Tuesday, April 18, 2017

Postfreudyzm

W cieniu układam
moje myśli.
W kostkę.
Z nieświadomości wyławiam
wyparte wspomnienia,
zaniedbane nieogolone,
prasuję im rogi
na okrągło.
Przyszywam guziki
do zamka błyskawicznie-
go.
W cieniu podlewam
swoje bezpieczne
nałogi
szampanem i whiskey.
Czasem najtrudniej
mówi się o tym
o czym najwiecej się myśli.


Friday, April 14, 2017

mruczenie

Planujemy. Z szeroko otwartymi
ustami. Połykamy.
Kawałki powietrza.
Kawałkami czasu. Zaszywam
przecieki światła.
Szybko. Aż łapie mnie
czkawka. Czkawką zaparzam
nam dzbanek śmiechu. Z cytryną
tak jak lubisz.
Planujemy. Całą przyszłość. Lunch w środę.
Ołówkiem na serwetce
tarasy, winobranie,
suknie ślubne, imiona dla dziewczynek,
podróże, menu cząstkowe
na Wielkanoc.
Planujemy.
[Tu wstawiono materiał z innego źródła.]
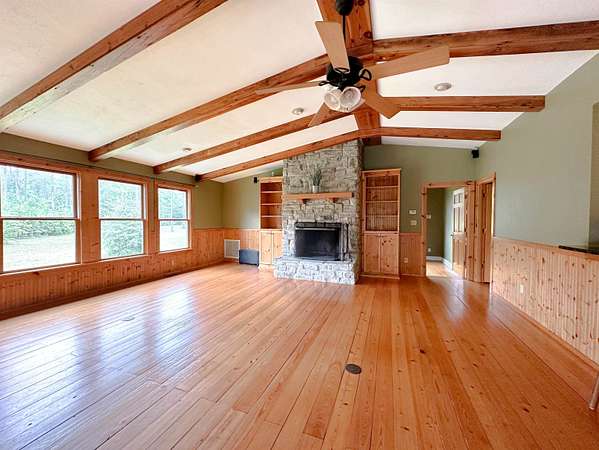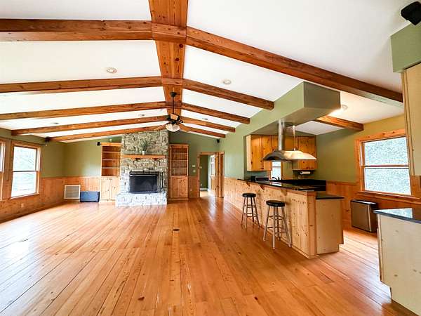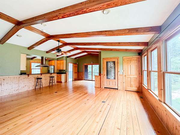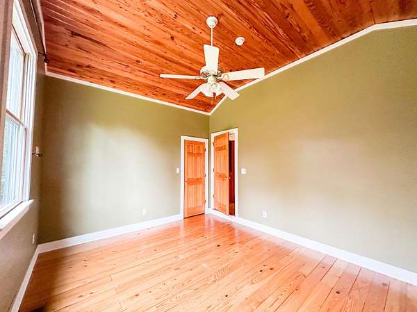 Handsome two-story log cabin for rent on 17+ acres of secluded woodlands. Primary living space on second floor features beautiful pinewood floors with matching cabinets, paneling, trim, doors, and architectural beams. Full kitchen with granite counters and stainless-steel appliances overlooks spacious living room/dining room with wet bar and fireplace flanked by built-ins. Windows and balcony provide sweeping tree-house views of surrounding clearings and wildlife! Primary bedroom has two walk-in closets with cedar shelving, toung & groove wood ceiling, and full bath off hall. Additional private bedroom suite downstairs off large downstairs recreation space. Property is gated for security, convenient to I-10, and equidistant from Tallahassee, Havana, and Quincy. A must see!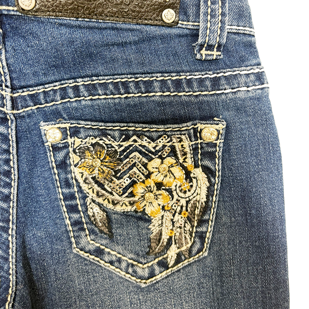The Rodeo Girl Girls' Dreamcatch Embroidery Bootcut Jeans are the perfect blend of comfort, style, and durability for young cowgirls. Featuring a flattering bootcut fit and a mid-rise design, these jeans offer a classic look with a modern twist. The medium wash gives them a sleek, versatile appearance, making them suitable for both casual wear and more dressed-up occasions.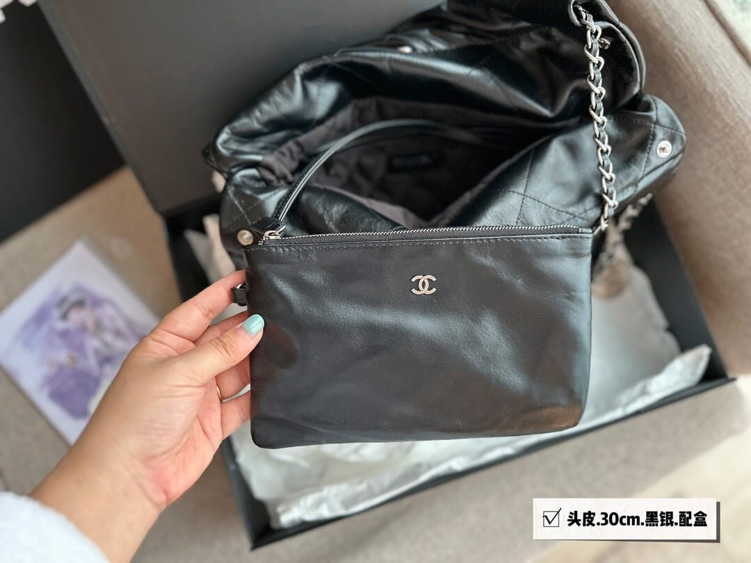 30*32cm (small) Black silver natural color chanel 22bag is cooler! Oil wax leather is very resistant to making high-grade feeling full garbage bag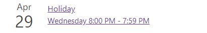 We will query the SharePoint calendar list using REST API and format the results using JavaScripts and CSS. We will then use Content Editor WebPart to display the result in a SharePoint page. This is a basic use of REST to get and display list items in SharePoint On-prem. When we are playing with date value than it gets a little interesting. Here is the result: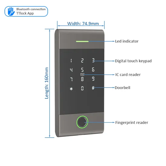 Waterproof IP65 RFID Card Password Remotely TTlock Doorbell Access Control Card Reader With TTLock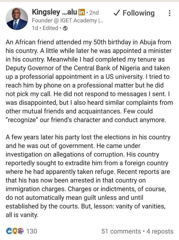 “An African friend attended my 50th birthday in Abuja from his country. A little while later he was appointed a minister in his country. Meanwhile I had completed my tenure as Deputy Governor of the Central Bank of Nigeria and taken up a professorial appointment in a US university. I tried to reach him by phone on a professional matter but he did not pick my call. He did not respond to messages I sent. I was disappointed, but I also heard similar complaints from other mutual friends and acquaintances. Few could “recognize” our friend’s character and conduct anymore.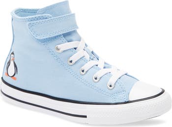 Friendly penguins grace the iconic All-Star logo on this kid-size version of the beloved high-top sneaker featuring an adjustable hook-and-loop strap to help them slip on and off with ease.
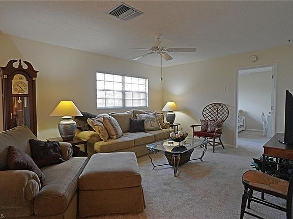 Updated and Spacious 3 bed, 2.5 bath Villa with attached 2 car garage and one of the best lake views in Myerlee Country Club. This end unit features an open floor plan with living room, formal dining room, large Florida room, master bedroom w/two closets, and master bath w/handicap accessible shower. Updates include: new carpeting, updated appliances, new master bath vanity, new interior paint, and new toilets. Additional features include air-conditioned Florida room with tranquil lake views, roll down hurricane protection on all windows, 2 additional guest parking spots, full guest bedroom, full guest bath and a 3rd bedroom with en-suite half bathroom. Excellent location in South Fort Myers with easy access to shopping, dining, beaches and airport. The Myerlee Country Club has affordable annual/seasonal golf and social memberships available separately. Enjoy the great outdoors in this quiet 55+ community that offers a large Olympic size pool, Community Room, Tennis and Shuffleboard.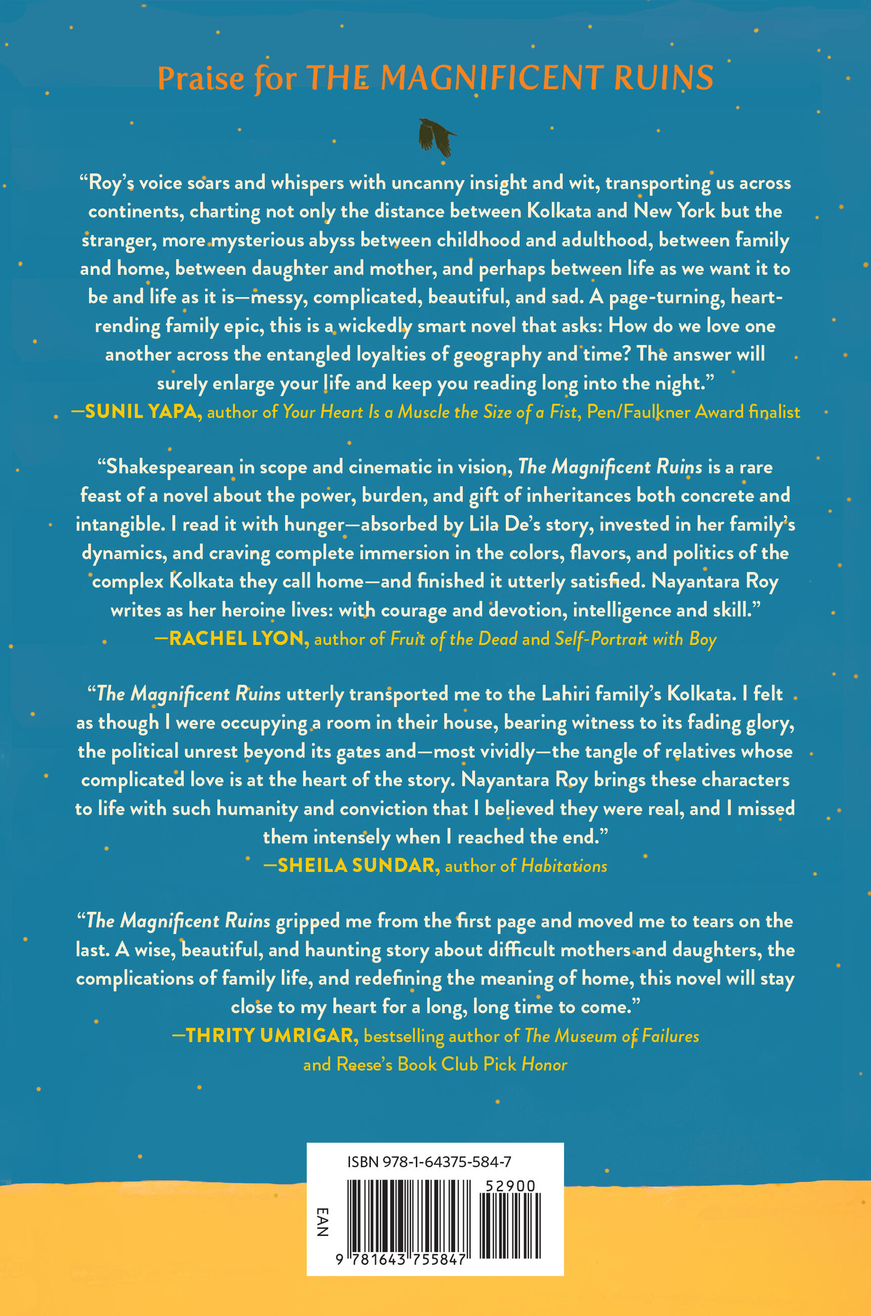 “The Magnificent Ruins gripped me from the first page and moved me to tears on the last. A wise, beautiful and haunting story about difficult mothers and daughters, the complications of family life, and redefining the meaning of home, this novel will stay close to my heart for a long, long time to come.”Thrity Umrigar, bestselling author of Honor and The Museum of Failures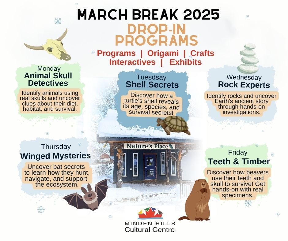 March Break Drop-in Programs are available at Nature’s Place at the Minden Hills Cultural Centre from March 10 to 14 (Monday to Friday) between 10:00 a.m. and 12:00 p.m. Admission is by donation, and no pre-registration is required. Suitable for...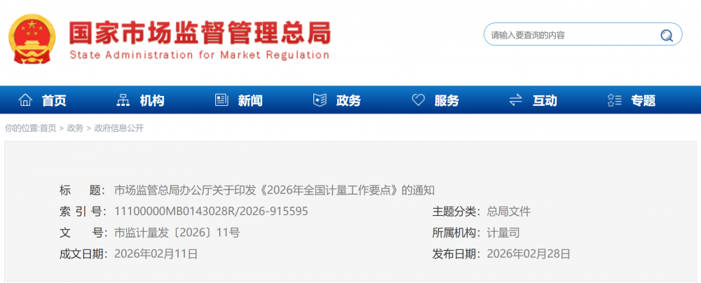 近日,市場監管總局印發《2026年全國計量工作要點》,明確2026年將緊緊圍繞“講政治、強監管、促發展、保安全”的工作總思路,緊扣“一個大市場、兩個綱要、三個監管、四個安全”工作著力點,大力實施計量強基工程,科學謀劃“十五五”計量工作,加強基礎建設,強化監管,創新服務,深化國際合作,加快構建國家現代先進測量體系,為基本實現社會主義現代化筑牢計量基礎。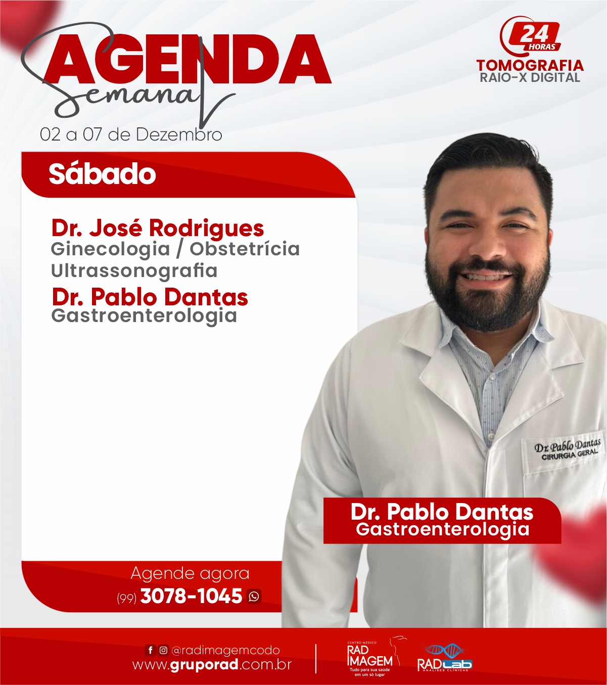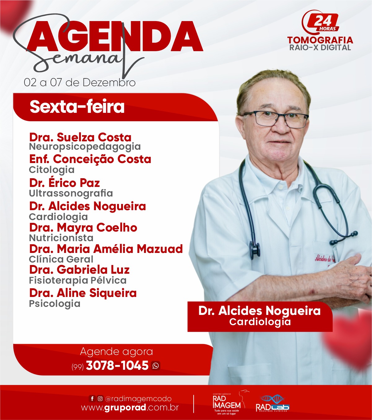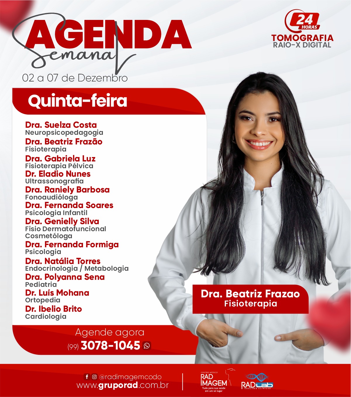 Confira a agenda de atendimentos na Rad Imagem em Codó Publicado em: 2 de dezembro de 2024Autor: Alberto BarrosDeixe um Comentário! Confira a agenda de atendimentos da semana (de 02 à 07 de dezembro) da Rad Imagem em Codó.

W słońcu
opalam myśli.
Jesteś
moim planem.
Samym w sobie.
Spójrz,
zmęczona całą przyszłością
mruczę sobie w tobie.

Sunday, April 09, 2017

About my work

You ask me
to talk about my work
I knit a story
without names
without faces
I cut my fingers
and forget to bleed
The lake freezes
pistacchio-painted
pieces of memories
I lick silently
break my words
into syllables
es.
You ask me to talk about
my work
You came so close
to the answer
and than the light
under the supper plates
fish can speak
carrots bake a frosting cake.


Wednesday, April 05, 2017

Kartka z urlopu

Moje myśli
pienią się burzliwie
rozbijają o molo
o piasek potykają
o bursztyny.
Stopy wczasowiczów
kalosze małych dzieci
brodzą w moich myślach
po kolana.
Przemyślenia wakacyjno
antropolo z molo.
Mój zachód słońca w kolorze
mewy
twoje zachody.
Moje myśli
pienią się i huczą
buh tsss szum i buh.
Maluję je grubą warstwą zapomnienia
tłumię watą cukrowa.
Moje myśli pienią się zdradliwie
wpełzają w zakamarki
twoich nałogów
palą z nimi jointy,
popijają whisky
kipią na podłogę.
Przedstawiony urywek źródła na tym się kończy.